7. Religie fałszują obraz rzeczywistości - dopasowują świat do religijnych dogmatów.
8. Religie składają obietnice, których spełnienia nie są w stanie zagwarantować.
9. Religie terroryzują człowieka - straszą nieprzyjemnymi rzeczami, jeśli wierny nie będzie postępować zgodnie z religijnymi nakazami i rozkazami.
10. Religie uczą poddaństwa i służebności.
JAK ZOSTAJE SIĘ RELIGIJNYM
NIEWOLNIKIEM?
1. Decydują o tym rodzice w chwili
narodzin dziecka. Jego wolny wybór i konstytucyjne prawo do wolności sumienia i
wyznania ich nie interesują. Od chwili narodzin dziecko poddawane jest praniu
mózgu. Uczestniczy w obrzędach religijnych, których znaczenia często nie
rozumie, a doktryna religijna wpajana jest mu na równi z wiedzą naukową.
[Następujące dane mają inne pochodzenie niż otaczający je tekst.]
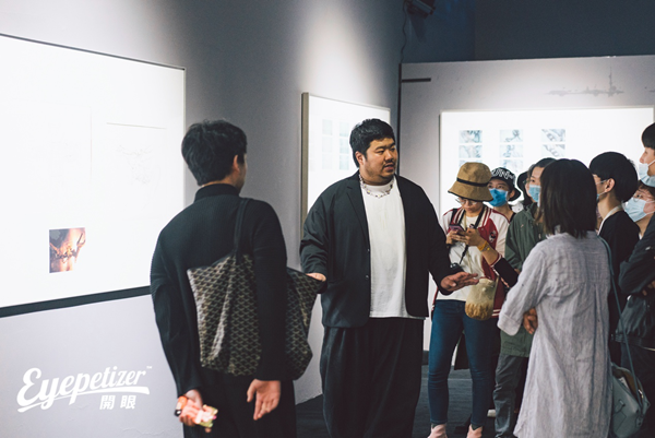 开幕式结束后,本次展览的策展人和视觉及空间设计师为到场观众进行了导览,详细讲述了每个展厅的策划思路以及作品细节。
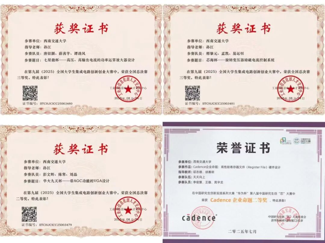 2025年以来,西南交通大学集成电路科学与工程学院紧扣 “创新实践能力培养” 核心目标,构建了 "赛前充分准备、赛中全程保障、赛后总结提升" 的全链条竞赛工作体系,通过系统化组织、专业化指导、精细化服务,引领研究生在教育部学位与研究生教育发展中心主办的 "华为杯" 第八届中国研究生创 "芯" 大赛、2025中国研究生创“芯”大赛·EDA精英挑战赛、中国国际大学生创新大赛和第九届全国大学生集成电路创新创业大赛等多项高水平研究生竞赛中奋勇争先,获奖作品涵盖集成电路设计、电力电子应用、EDA 工具和FPGA开发等多个前沿领域,充分彰显了学院研究生培养的扎实功底与创新活力。

Dziecko nie potrafi odróżnić informacji prawdziwych od wymyślonych i obracając
się w środowisku wierzących, przyjmuje tę wiedzę za pewnik. Dopiero z czasem,
gdy dorośnie, zaczynają pojawiać się wątpliwości i pytania. Wówczas otrzymuje
proste i sprytne odpowiedzi, które wątpliwości te szybko rozwiewają. Religijne
niewolnictwo utrwalane jest także poprzez presję środowiska, w którym człowiek żyje.
Do niedawna wystąpienie z Kościoła związane było z ekskomuniką i klątwami. W
dzisiejszych czasach zdarza się, że nietolerancyjna rodzina odwraca się plecami
do zmieniającego wyznanie członka rodziny a nawet go wydziedzicza.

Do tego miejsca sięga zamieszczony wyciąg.